I didn’t go to the Guggenheim, and I didn’t go to art class. I stayed in bed, under the covers, and thought how lovely it would be to live Charly’s life.
Three days later, I took the subway into Manhattan. I transferred at East Fifty-Ninth Street to the Number 6 train, got off at East Sixty-Eighth Street, and walked over to Central Park. I was meeting Ben there in front of Bethesda Fountain at 10:00 a.m. It gave me two hours before I needed to report to work at Trattoria Ricciardi. It was a bright day, filled with sunshine, and the temperature in the low seventies made it unseasonably warm for October. At this time of day, the park was lightly populated. Mostly mothers and nannies with babies and toddlers. I got there before Ben and settled on a bench. I’d hardly slept since my last meeting with Ben, tossing and turning each night, trying to convince myself that Charly wasn’t deserving of the life she’d been given, then just as quickly acknowledging that it wasn’t my place to judge her and carry out the sentence. Then I’d think about Charly, about her callous rejection of me, and ask, “Why not? Why not be rich and be able to have and do all the things I’d missed growing up?” When I’d awoken this morning from the few hours of sleep I’d managed to get, I wasn’t any closer to an answer.
“Have you thought about my proposal?” Ben asked me when he arrived.

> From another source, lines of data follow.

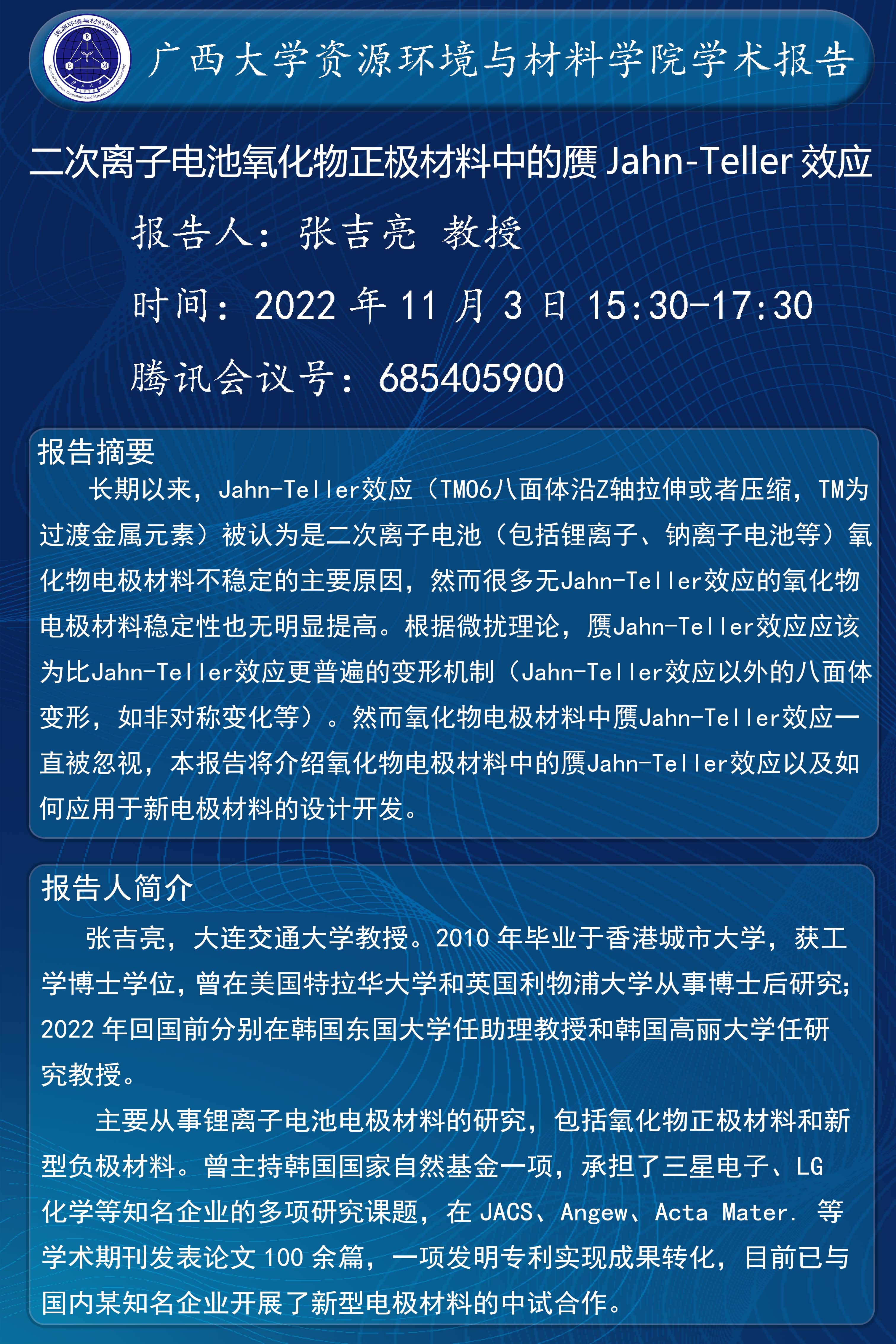 資源環(huán)境與材料學(xué)院學(xué)術(shù)報(bào)告:二次離子電池氧化物正極材料中的贗Jahn-Teller效應(yīng)
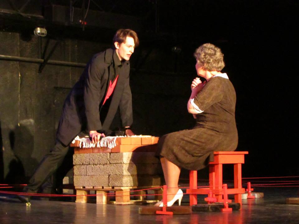 Pēteris Galviņš – Maris, Dace Makovska – Guntras māte teātra "Skatuve" izrādē "Naktssargs un veļas mazgātāja" (2014) // Foto – Linda Lagzdiņa
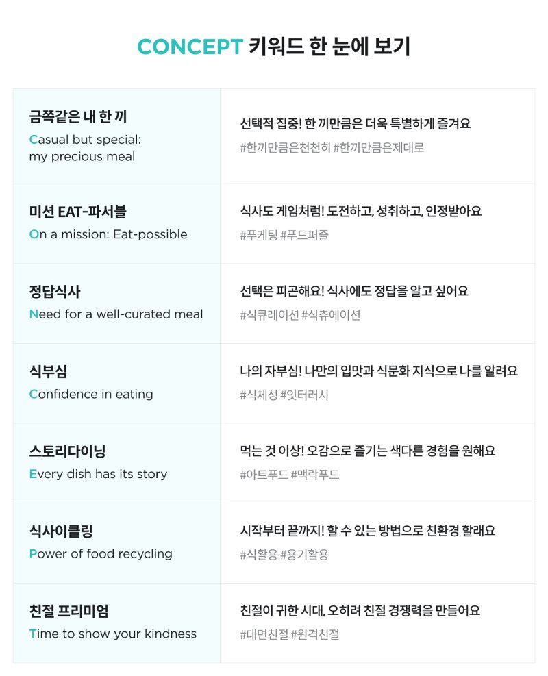 2023외식업트렌드의 7대 키워드를 관통하는 주제어는 'C.O.N.C.E.P.T'이다.
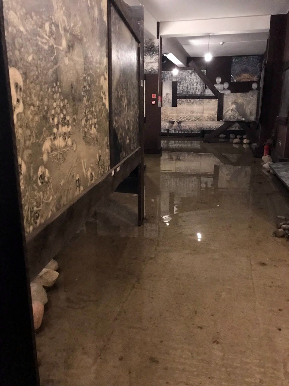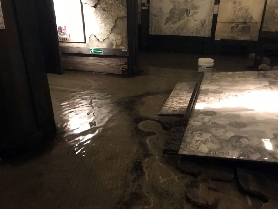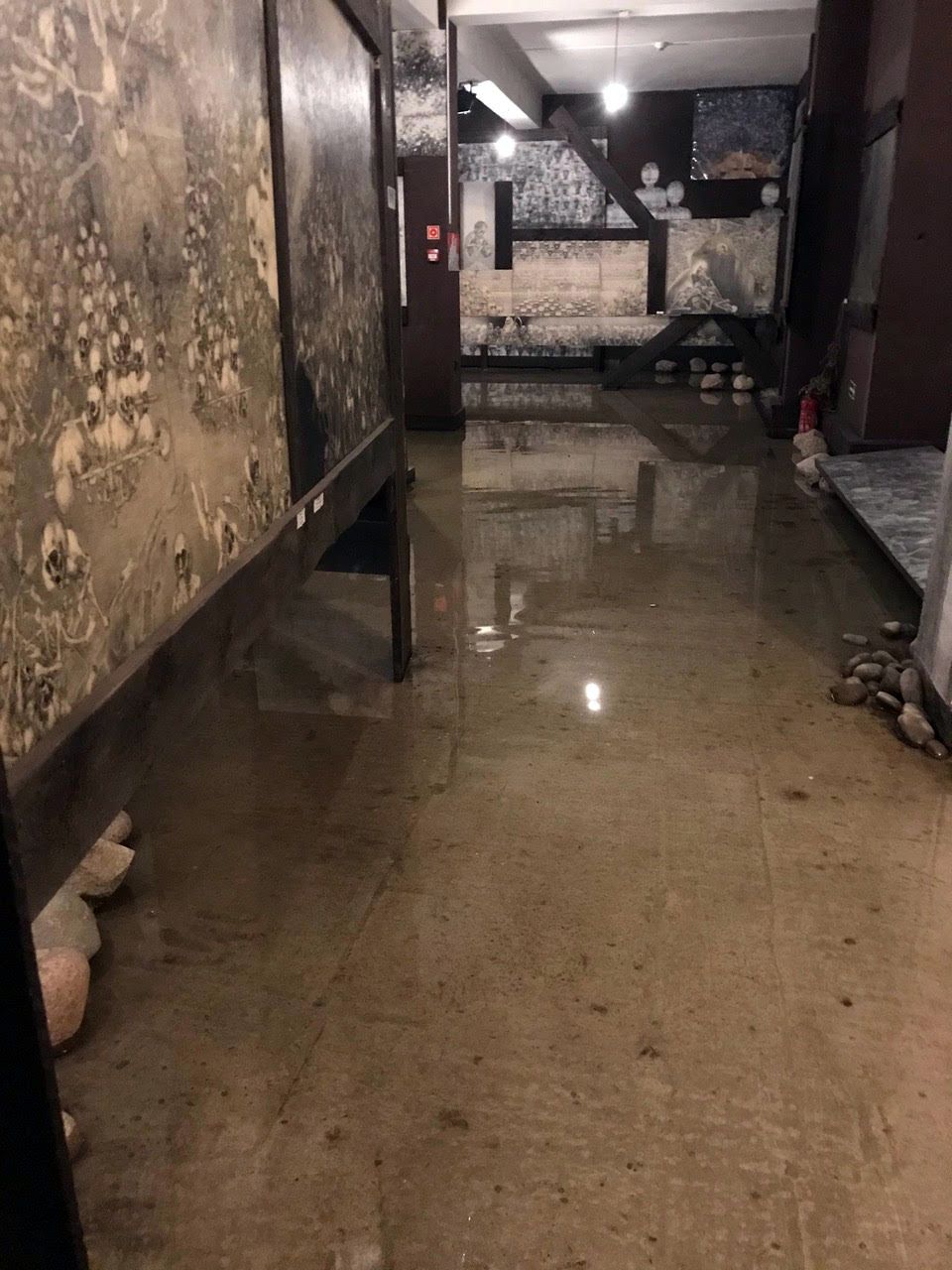 Obecnie trwa osuszanie pomieszczeń wystawy. Jutro konserwatorzy przystąpią do dezynfekcji części drewnianych nasiąkniętych wodą. Na obecnym etapie wystawie nie zagraża niebezpieczeństwo.
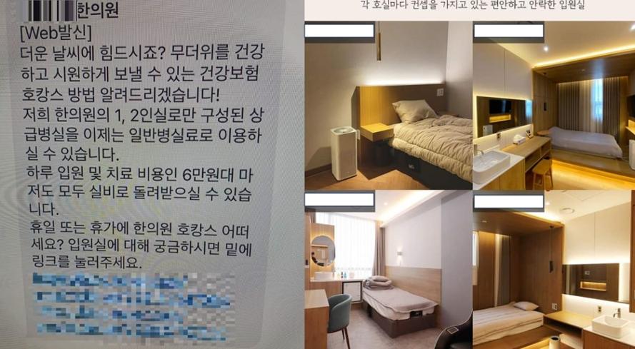 12일 의료계에 따르면 A 한의원은 최근 내원객들을 대상으로 “무더위를 건강하고 시원하게 보낼 수 있는 건강보험 호캉스 방법을 알려드리겠다”며 “우리 한의원의 1, 2인실로만 구성된 상급병실을 이제는 일반 병실료로 이용할 수 있다. 하루 입원 및 치료비용인 6만원도 모두 실비로 돌려받을 수 있다”는 문자를 보냈다.
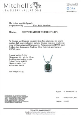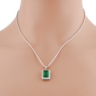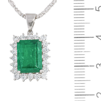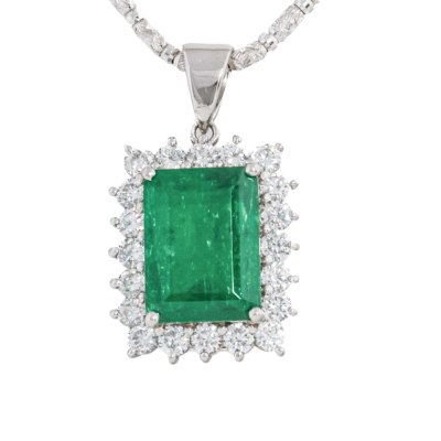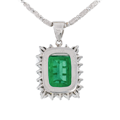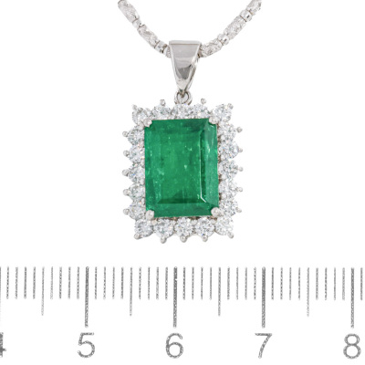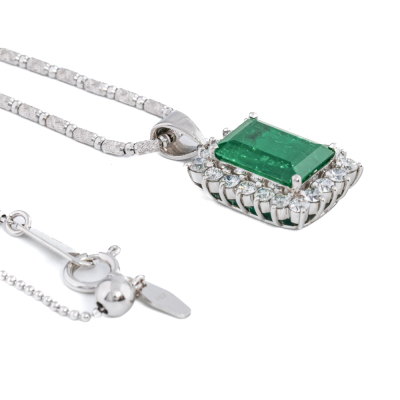 Emerald and Diamond pendant with an emerald cut Natural Emerald of 3.47ct and round Natural Diamonds totalling 1.05ct (Estimated grading: G-H SI). Platinum - 900 with 18ct white gold adjustable 44cm chain. Weight: 12.4g. With Certificate #421435. (Pre-owned)

“I’ve hardly thought about anything else.”
“And?”
“I don’t think just looking like Charly means I’ll pass for her.”
“No, I don’t, either. It’ll take some work. My parents live in Florida most of the year, but they spend summers at a house they own in High Falls.”
“Where’s that?”
“About two hours north of here. It’s a country village with a sparse population, and no one there knows Charly or me. I never visit because Charly prefers to spend our weekends and vacations during the summer at her father’s beach house. My parents come out there when they want to see us.”